Si je passe sous Firefox, j'accède sans problème à https://www.rugbyrama.fr/

Que dois-je aller modifier dans Chrome pour retrouver un accès normal sans avoir à changer de navigateur ?


----------



## Moonwalker (24 Septembre 2018)

Pas de problèmes avec Opera.

Mettre le navigateur à jour.


----------



## Dany7 (24 Septembre 2018)

Merci, il me faut donc mettre à jour Chrome, à ce sujet je lis :


*"Pour mettre à jour Google Chrome, procédez comme suit :*


Sur votre ordinateur, ouvrez *Chrome*.
Dans l'angle supérieur droit, cliquez sur Plus .
Cliquez sur *Mettre à jour Google Chrome*. Si vous ne voyez pas ce bouton, cela signifie que vous disposez de la dernière version."

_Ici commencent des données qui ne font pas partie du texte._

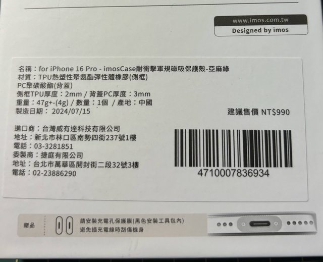 標題[交易] imos iPhone16 pro 磁吸手機殼

Mais dans l'angle supérieur droit, je ne trouve pas de "Plus".

Impossible d'aller plus loin, d'autant plus qu'étant sous OS 10.6.8, il n'y a plus de mise à jour disponible. Une mise à jour est donc impossible.


----------



## Moonwalker (24 Septembre 2018)

Dany7 a dit:


> Impossible d'aller plus loin, d'autant plus *qu'étant sous OS 10.6.8*, il n'y a plus de mise à jour disponible. Une mise à jour est donc impossible.



AH! VOILÀ !

Tu aurais pu le dire plus tôt.

Pour internet, ton OS est mort. Kaputt ! Fini ! Il n’existe plus.

Que tu te fasses rabrouer des sites sécurisés est parfaitement normal.

Le dernier navigateur encore fonctionnel et le plus à jour pour Snow Leopard est Firefox 45.9.0 ESR.
https://ftp.mozilla.org/pub/firefox/releases/45.9.0esr/mac/fr/

 Ce n’est pas changer de navigateur qu’il faut mais changer de version d’OS. Et pas Lion, Mountain, etc. Avant El Capitan ce sera à peu près la même chose.


----------



## Dany7 (24 Septembre 2018)

Merci quand même.

Il est vrai que cette question posée en 2014 n'a toujours pas trouvée de réponse.

Il s'agirait donc d'une question très difficile.

Quant à mon OS, il est tellement mort qu'il fonctionne tous les jours.

Difficile de trouver un mort aussi actif.


----------



## Moonwalker (24 Septembre 2018)

Le cas évoqué n’était pas le même que toi. Un problème de connexion sécurisé peut venir du site ou du navigateur, une question de certificat, un protocole révisé, etc. Généralement une mise à jour d’un de ces éléments suffit.

Mais dans ton cas, quatre ans après, avec un système d’exploitation qui n’est plus mis à jour, que tous les éditeurs de navigateur ont oublié, c’est inutile.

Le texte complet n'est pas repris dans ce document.